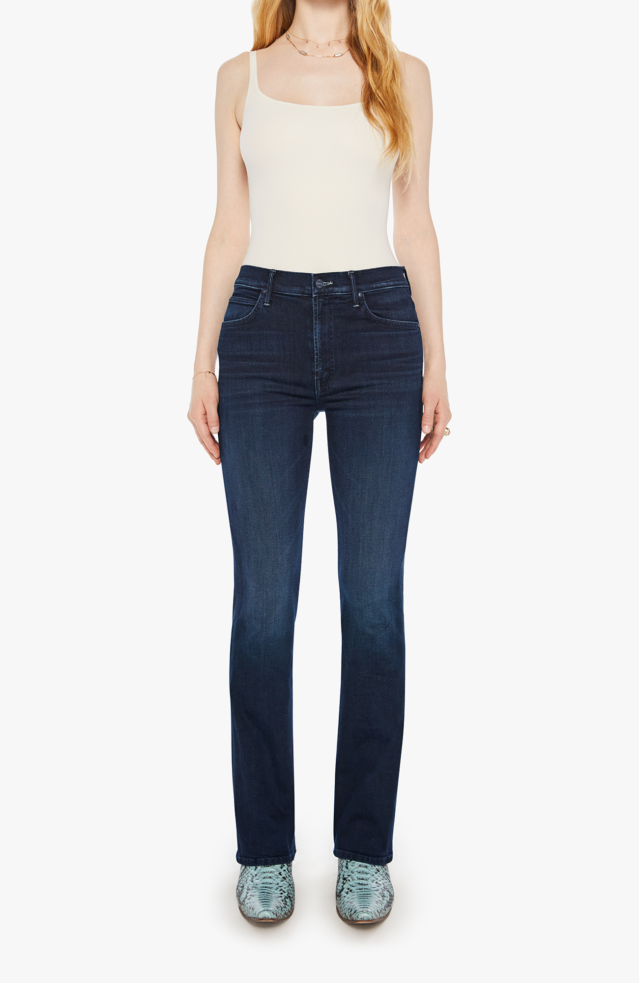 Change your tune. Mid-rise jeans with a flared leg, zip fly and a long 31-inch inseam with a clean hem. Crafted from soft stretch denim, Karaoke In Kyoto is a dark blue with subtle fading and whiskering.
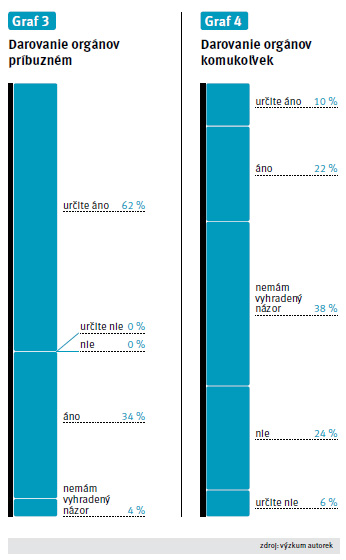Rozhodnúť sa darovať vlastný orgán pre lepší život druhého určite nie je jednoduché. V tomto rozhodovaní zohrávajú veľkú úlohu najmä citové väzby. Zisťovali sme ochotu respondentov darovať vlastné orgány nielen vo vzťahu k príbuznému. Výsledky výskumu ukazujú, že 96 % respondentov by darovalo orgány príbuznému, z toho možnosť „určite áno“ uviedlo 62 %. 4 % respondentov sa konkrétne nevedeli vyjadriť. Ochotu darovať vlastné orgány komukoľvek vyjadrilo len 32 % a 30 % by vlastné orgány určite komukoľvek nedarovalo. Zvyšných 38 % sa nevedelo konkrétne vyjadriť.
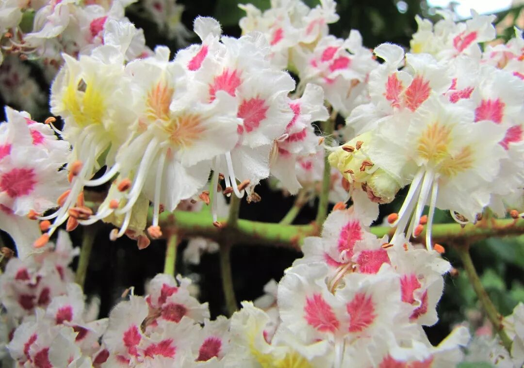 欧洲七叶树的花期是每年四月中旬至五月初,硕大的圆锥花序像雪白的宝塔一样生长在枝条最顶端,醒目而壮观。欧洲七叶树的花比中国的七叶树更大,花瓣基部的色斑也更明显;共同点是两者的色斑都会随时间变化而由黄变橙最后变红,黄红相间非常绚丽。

+ + +

> TASK TO CARRY OUT
Return all of the material above unchanged, minus its pictures.

> RESPONSE TO THE EXERCISE
 Change your tune. Mid-rise jeans with a flared leg, zip fly and a long 31-inch inseam with a clean hem. Crafted from soft stretch denim, Karaoke In Kyoto is a dark blue with subtle fading and whiskering.
Rozhodnúť sa darovať vlastný orgán pre lepší život druhého určite nie je jednoduché. V tomto rozhodovaní zohrávajú veľkú úlohu najmä citové väzby. Zisťovali sme ochotu respondentov darovať vlastné orgány nielen vo vzťahu k príbuznému. Výsledky výskumu ukazujú, že 96 % respondentov by darovalo orgány príbuznému, z toho možnosť „určite áno“ uviedlo 62 %. 4 % respondentov sa konkrétne nevedeli vyjadriť. Ochotu darovať vlastné orgány komukoľvek vyjadrilo len 32 % a 30 % by vlastné orgány určite komukoľvek nedarovalo. Zvyšných 38 % sa nevedelo konkrétne vyjadriť.
 欧洲七叶树的花期是每年四月中旬至五月初,硕大的圆锥花序像雪白的宝塔一样生长在枝条最顶端,醒目而壮观。欧洲七叶树的花比中国的七叶树更大,花瓣基部的色斑也更明显;共同点是两者的色斑都会随时间变化而由黄变橙最后变红,黄红相间非常绚丽。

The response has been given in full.